Smokable flower was banned by the original implementing statute. That ban was struck down by the Leon County Circuit Court in 2018 and then formally repealed by the legislature in March 2019, opening the door to the dispensary flower market that exists today.
The 2024 election was supposed to be the next inflection point. Amendment 3, backed by Trulieve, would have legalized adult-use cannabis. It failed by 4.1 percentage points. The medical-only status quo persists.
Section 2
Statute § 381.986 — The Operating System
Section 381.986 of the Florida Statutes is the single most important law to understand[1]. Every dispensary license, every MMUR card, every permitted product, every possession limit, and every penalty traces back to this section. It does six big things:
Creates the OMMU
Establishes the Office of Medical Marijuana Use within the Florida Department of Health as the regulator.
Authorizes the MMUR
Creates the Medical Marijuana Use Registry — the patient database every dispensary checks at point of sale.
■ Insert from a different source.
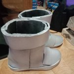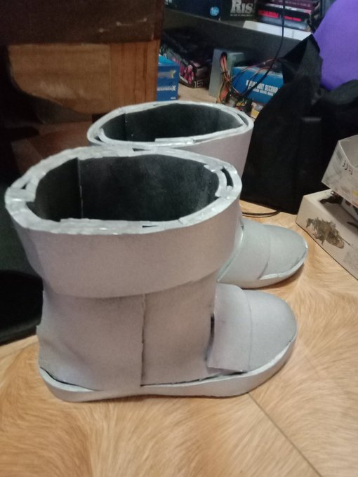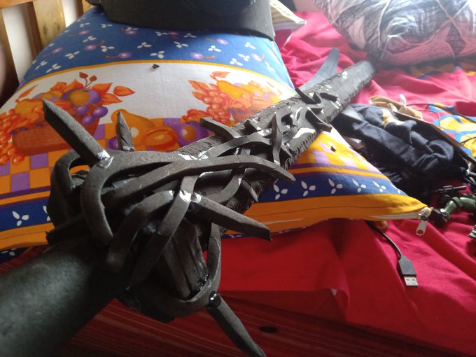 The Penitent One update: Boots and Helmet are painted. Gave a coat of emulsion hours later. Will finish the set while looking for a new job. #cosplay #Blasphemous #ThePenitentOne
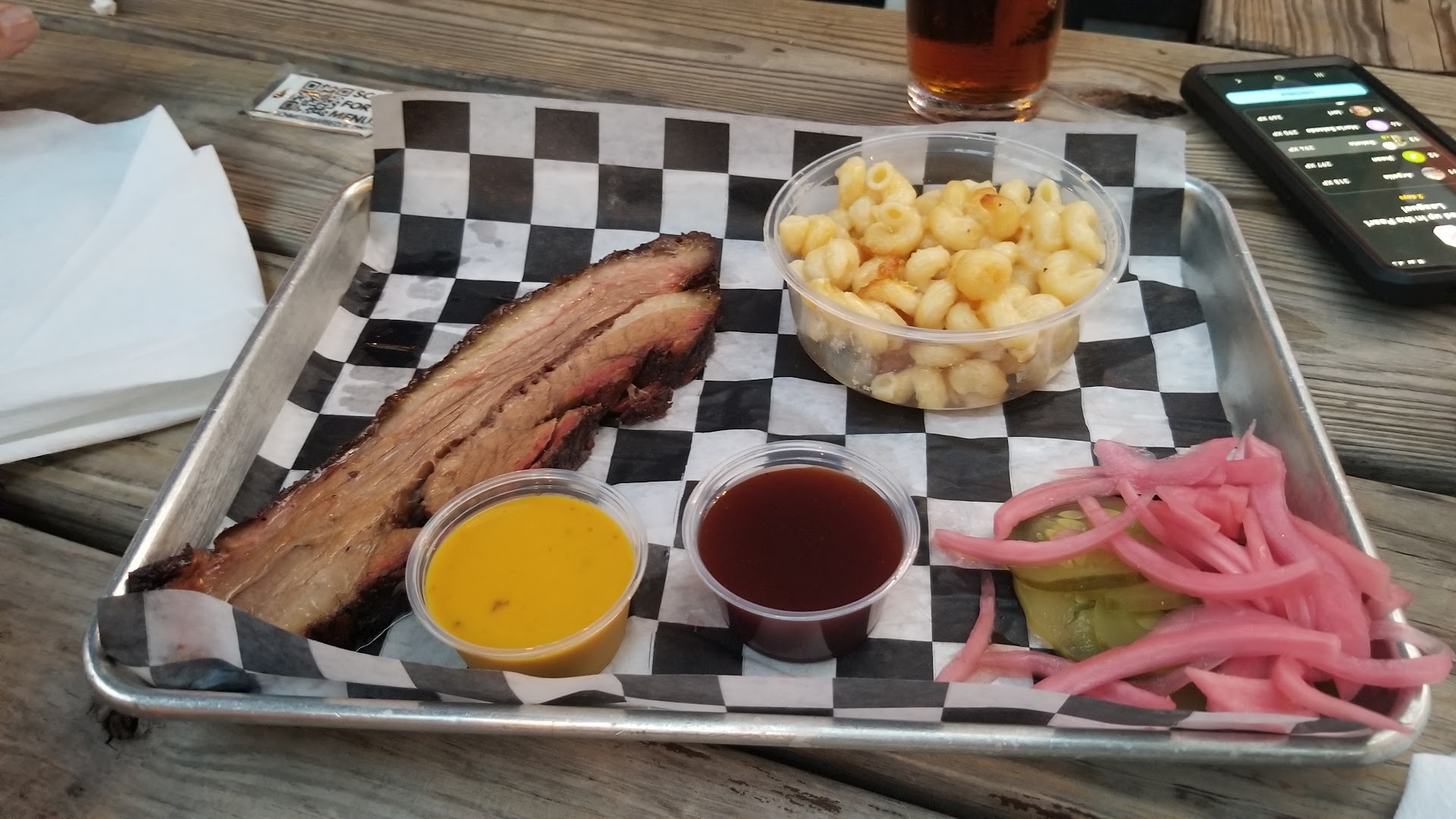 Taste: Mixed Mac n Cheese - Run of the mill. Nothing special. Not bad, just nothing to write home about. Pulled Pork - Bland. It was tender and had smoke to it, but literally nothing else. Brisket - Good. Not the best I've had, but I'd put it in the around the 70th percentile compared to other Brisket I've had. It had good flavor, and was relatively tender though was just a touch dry. Sauce - Good question. Don't know. We found out once we got home that there wasn't any sauce included. This one could have been on us for not asking, but it also wasn't offered. A real shame considering that pork needed sauce.

Defines qualifying conditions
Lists the medical conditions (cancer, epilepsy, glaucoma, HIV/AIDS, PTSD, ALS, Crohn's, Parkinson's, MS, terminal illness) plus a comparable-condition catch-all.
Licenses MMTCs
Creates the vertically integrated Medical Marijuana Treatment Center license — the only entity allowed to cultivate, process, and sell cannabis in Florida.
Sets possession limits
70-day supply of non-smokable; 2.5 oz smokable per 35 days.
Defines penalties
Criminalizes operating outside the MMTC framework and exceeding patient possession limits.
Florida is one of the few states with a strictly vertically integrated licensing model. The same MMTC must own the cultivation, processing, and retail — there is no separate cultivator, processor, or retailer license[6]. This is why Florida's market is dominated by roughly two dozen large operators (Trulieve, Curaleaf, MÜV, Surterra, Sunnyside, AYR, etc.) rather than thousands of small businesses.
Section 3
Amendment 3 (2024) — What Actually Happened
Amendment 3 was the constitutional amendment on Florida's November 2024 general election ballot that would have legalized adult-use marijuana for adults 21 and over. It would have allowed existing MMTCs to sell recreational cannabis without creating new license categories — an industry-friendly structure heavily backed by Trulieve, which contributed more than $145 million to the campaign.
The amendment received 5,931,047 votes in favor (55.9%) against 4,672,237 opposed (44.1%). A simple majority would have passed it in 47 other states. In Florida, constitutional amendments require 60% supermajority support — a threshold added to the state constitution in 2006 specifically to make ballot-driven policy change harder.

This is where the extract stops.